### Information shown
======

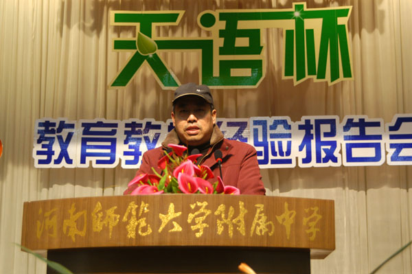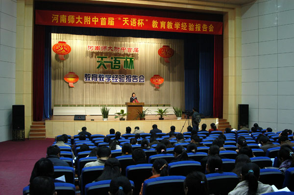 11月20日下午,我校西校区教工礼堂内不时掌声如潮,气氛异常热烈。原来,河南师大附中首届“天语杯”教育教学经验报告会正在这里隆重举行。周枫琳等10位首期“十佳”教师先后登台亮相,一展其名师风采,介绍自己多年来从事教书育人工作的成功经验。经过由中层以上领导担任的评委们认真评判,汪才安老师荣获特等奖,刘新选、段志起、周枫林、于现峰4位老师荣获一等奖,张丽娜、陈百华、董良、宋玉亮、臧绍民5位老师获二等奖。
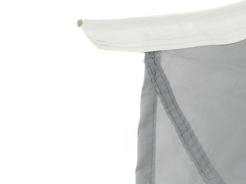 Het opzetten van deze schuurtent is erg eenvoudig, je trekt de pees die zich aan de bovenkant van het doek bevindt door de daarvoor bedoelde rail op de achterkant van de caravan. Vervolgens hoef je alleen nog maar de elastieken op de vier hoeken vast te zetten en de caravan schuurtent is er klaar voor om je kostbare kampeerinventaris te beschermen!
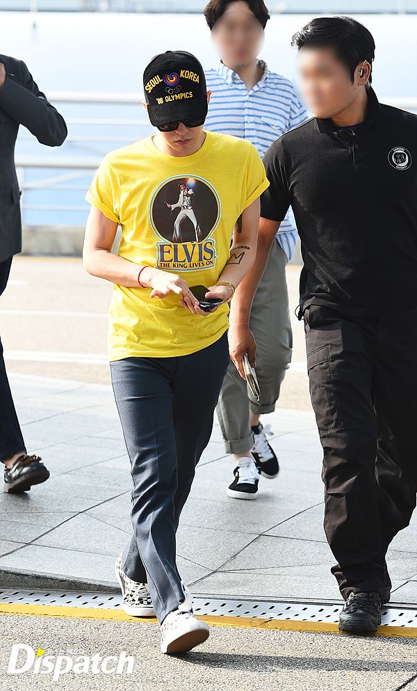 월드투어 공연을 위해 출국장에 모습을 드러낸 지드래곤은 독특한 컨셉의 의상으로 개성을 뽐냈다. 앞서가는 패션감각에도 변하지 않는 공항템이 인상적이었다.
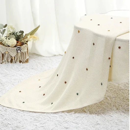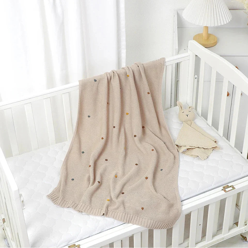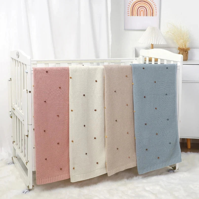 Wrap your little one in comfort and style with our Knitted Cotton Swaddle Blanket. Made with soft and breathable cotton, this blanket features a unique colourful knot detail in ivory, beige, pink, and grey. Keep your baby snug and stylish at the same time.
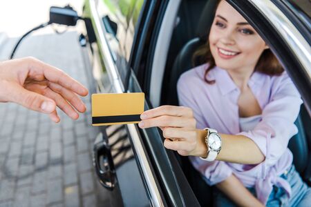 Selective focus of cheerful woman sitting in car and giving credit card to worker at gas station
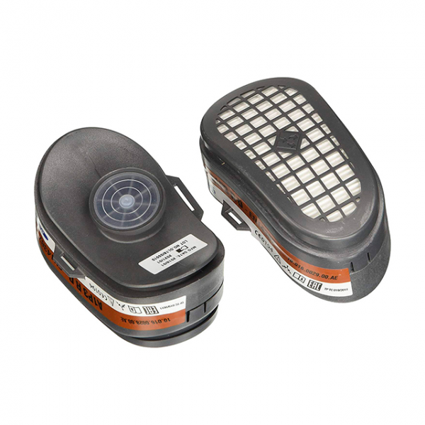 Filtro tipo A2B2E2K2HgP3 R: - Gases e vapores orgânicos, inorgânicos, ácidos, amoníaco, mercúrio e seus vapores, classe 2 e partículas tóxicas
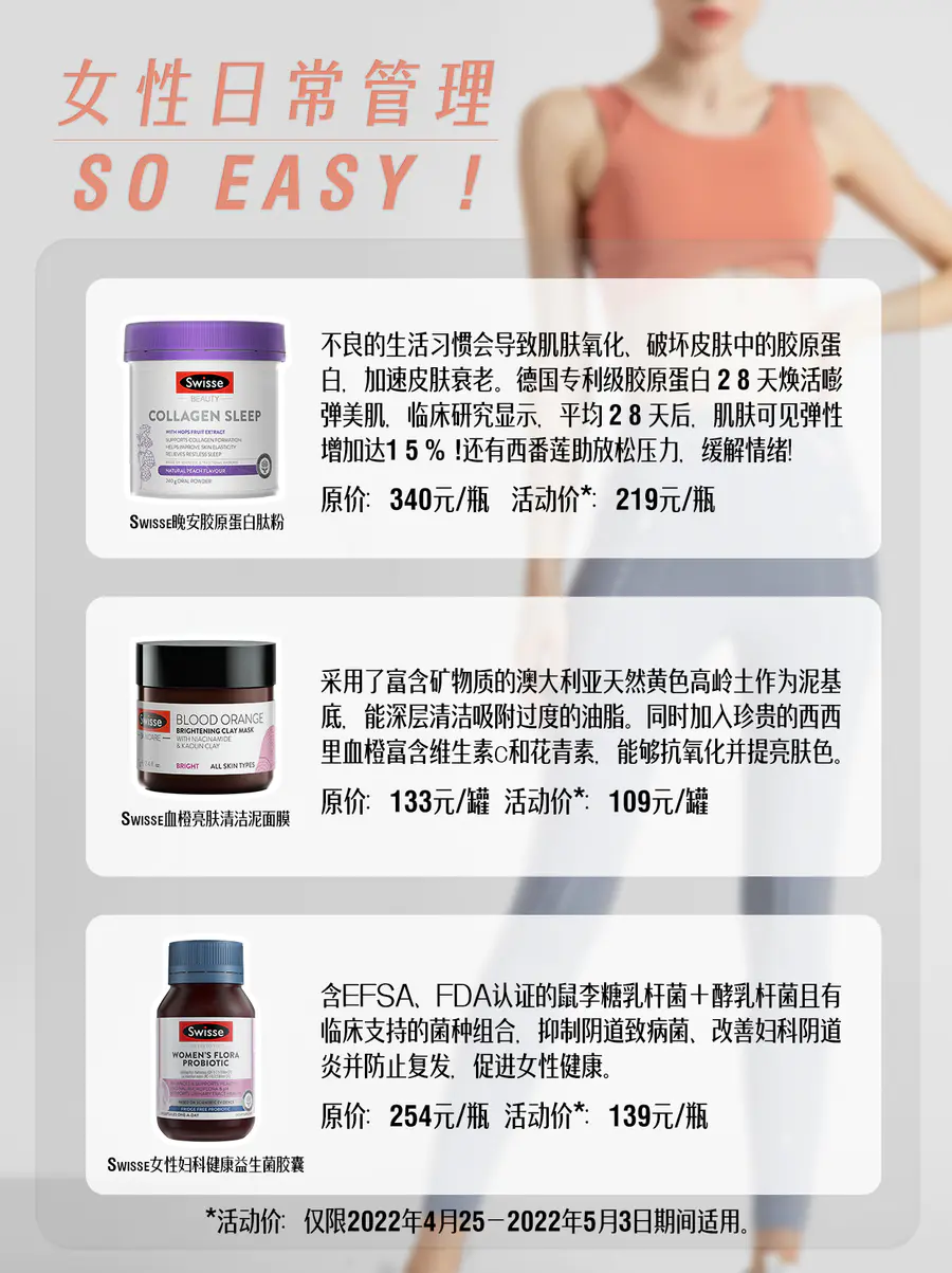 即467元(税前)得Swisse晚安胶原蛋白肽粉+Swisse血橙亮肤清洁泥面膜+30粒女性妇科健康益生菌胶囊

======

### Aim of the exercise
Restate all of the material above word for word, excluding the pictures.

### Response below
 11月20日下午,我校西校区教工礼堂内不时掌声如潮,气氛异常热烈。原来,河南师大附中首届“天语杯”教育教学经验报告会正在这里隆重举行。周枫琳等10位首期“十佳”教师先后登台亮相,一展其名师风采,介绍自己多年来从事教书育人工作的成功经验。经过由中层以上领导担任的评委们认真评判,汪才安老师荣获特等奖,刘新选、段志起、周枫林、于现峰4位老师荣获一等奖,张丽娜、陈百华、董良、宋玉亮、臧绍民5位老师获二等奖。
 Het opzetten van deze schuurtent is erg eenvoudig, je trekt de pees die zich aan de bovenkant van het doek bevindt door de daarvoor bedoelde rail op de achterkant van de caravan. Vervolgens hoef je alleen nog maar de elastieken op de vier hoeken vast te zetten en de caravan schuurtent is er klaar voor om je kostbare kampeerinventaris te beschermen!
 월드투어 공연을 위해 출국장에 모습을 드러낸 지드래곤은 독특한 컨셉의 의상으로 개성을 뽐냈다. 앞서가는 패션감각에도 변하지 않는 공항템이 인상적이었다.
 Wrap your little one in comfort and style with our Knitted Cotton Swaddle Blanket. Made with soft and breathable cotton, this blanket features a unique colourful knot detail in ivory, beige, pink, and grey. Keep your baby snug and stylish at the same time.
 Selective focus of cheerful woman sitting in car and giving credit card to worker at gas station
 Filtro tipo A2B2E2K2HgP3 R: - Gases e vapores orgânicos, inorgânicos, ácidos, amoníaco, mercúrio e seus vapores, classe 2 e partículas tóxicas
 即467元(税前)得Swisse晚安胶原蛋白肽粉+Swisse血橙亮肤清洁泥面膜+30粒女性妇科健康益生菌胶囊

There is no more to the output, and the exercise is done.